See docs/internal/plans/commercialization-roadmap.md for full business model and go-to-market strategy.

Phase 1: "AgentBoot Builds Itself" -- COMPLETE

AgentBoot compiles its own personas and uses them when developing itself.

What shipped:

6 core traits authored and composed into 4 personas
Build pipeline: validate, compile, sync (all end-to-end)
Configuration schema (agentboot.config.json)
Claude Code native output: agents, skills, rules, CLAUDE.md with @imports
Always-on instructions (baseline and security)
Unit and integration tests for the build pipeline

Phase 2: "Usable by Others" -- COMPLETE

Any repo can install AgentBoot personas via CLI. Install, scaffolding, diagnostics, and uninstall all work.

What shipped:

Scope merging (org to group to team to repo)
Full CLI: build, validate, sync, install, status, doctor, uninstall
Scaffolding: add persona, add trait
Cross-platform output: standalone SKILL.md, copilot-instructions.md
PERSONAS.md auto-generation
Gotchas rules (path-scoped knowledge)
Static prompt linting (agentboot lint)
Token budget calculation at build time
Prompt style guide baked into scaffolding templates
Repo platform switching (agentboot config repo platform)
First-session welcome fragment for developer onboarding
Manifest tracking for managed files (.agentboot-manifest.json)
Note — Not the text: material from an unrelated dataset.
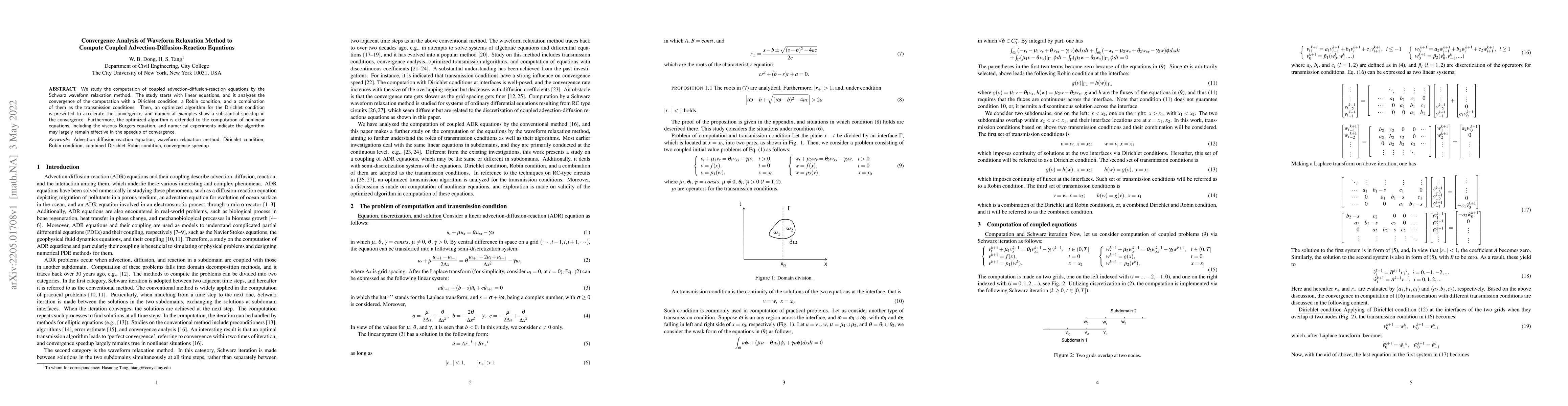 We study the computation of coupled advection-diffusion-reaction equations by the Schwarz waveform relaxation method. The study starts with linear equations, and it analyzes the convergence of the computation with a Dirichlet condition, a Robin condition, and a combination of them as the transmission conditions. Then, an optimized algorithm for the Dirichlet condition is presented to accelerate the convergence, and numerical examples show a substantial speedup in the convergence. Furthermore, the optimized algorithm is extended to the computation of nonlinear equations, including the viscous Burgers equation, and numerical experiments indicate the algorithm may largely remain effective in the speedup of convergence.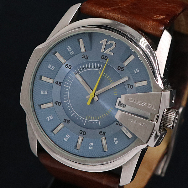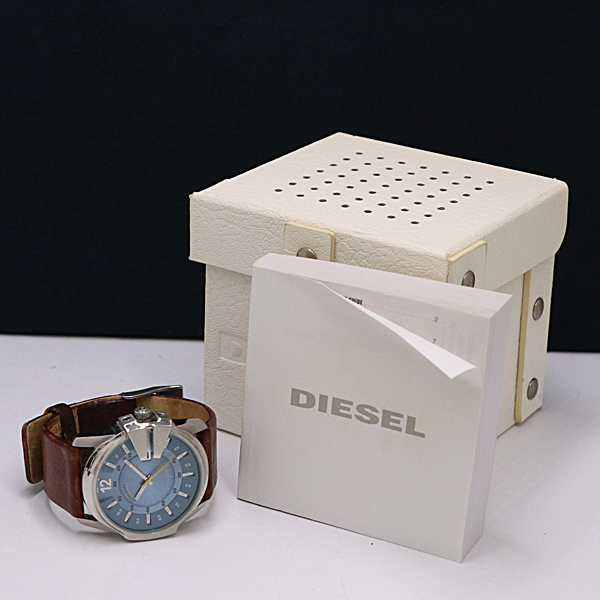 1円 箱付 ディーゼル QZ アイスブルー文字盤 DZ-1399 メンズ腕時計 2853100 11ERY KMR

Phase 3: "Ship It" -- COMPLETE

AgentBoot is distributable as a Claude Code plugin with compliance and privacy foundations in place.

What shipped:

Plugin packaging (plugin.json, agents, skills, hooks)
agentboot export --format plugin and agentboot publish
Private marketplace template (marketplace.json)
N-tier scope model (flexible node hierarchy replaces fixed groups/teams)
Extended scaffolding: add gotcha, add domain, add hook
Per-persona extensions (extend without modifying base)
Domain layers (agentboot.domain.json)
Compliance hooks: input scanning (UserPromptSubmit) and output scanning (Stop)
Audit trail hooks (SubagentStart/Stop, PostToolUse)
Telemetry: NDJSON output with canonical schema, configurable developer identity
Three-tier privacy model (Private, Privileged, Organizational)
Managed settings artifact generation
Sync via GitHub API with PR creation mode
MCP configuration generation (.mcp.json)
Brew tap distribution
Model selection matrix documentation
ACKNOWLEDGMENTS.md (prior art credit)

Phase 4: "Core Pipeline" -- COMPLETE

Establish the foundational systems that everything else builds on: composition types for scope merging, lexicon for context compression, AGENTS.md for universal reach, provider abstraction for import, and install completion.

Shipped:

Two-path install -- interactive onboarding with tab-completing directory selection, agent tool discovery, org slug inference, inline import
Import system -- scan, LLM classify, composition type assignment, prompts as code
Composition type classification -- rule/preference defaults per artifact, composition_type in staging files, frontmatter injection on apply
Lexicon classification -- lexicon as artifact type in import classifier, prompt, and schema
Persona classification -- persona as artifact type in import classifier
Agent tool discovery -- install learns which tools the org uses, derives output formats
Multi-provider foundation -- agents config section, Claude auth flow, billing disclosure
Prompts as code -- scripts/prompts/ directory with loader, --isolated testing mode
Doctor --fix and config writes

Planned:

Composition type core -- composition frontmatter field parser, CompositionConfig in config, composition-manifest.json generation in compile, composition-aware mergeScopes() in sync
Lexicon artifact -- core/lexicon/ directory with YAML term definitions, compilation first in pipeline, compact glossary block output
AGENTS.md output -- generate the universal cross-tool agent config standard
Persona-as-subagent -- compile personas to .claude/agents/*.md with tool restrictions
LLM provider abstraction -- LLMProvider interface, ClaudeCodeProvider, ManualProvider, resolveProvider() from config
Install completion -- same-org repo registration, type reference cleanup
Token budget enforcement -- agentboot lint token counting per persona
Expand AgentBootConfig.agents -- llmModel, billingAcknowledged fields

Phase 5: "Cross-Platform & Import" -- DONE (v0.5.0, 2026-04-04)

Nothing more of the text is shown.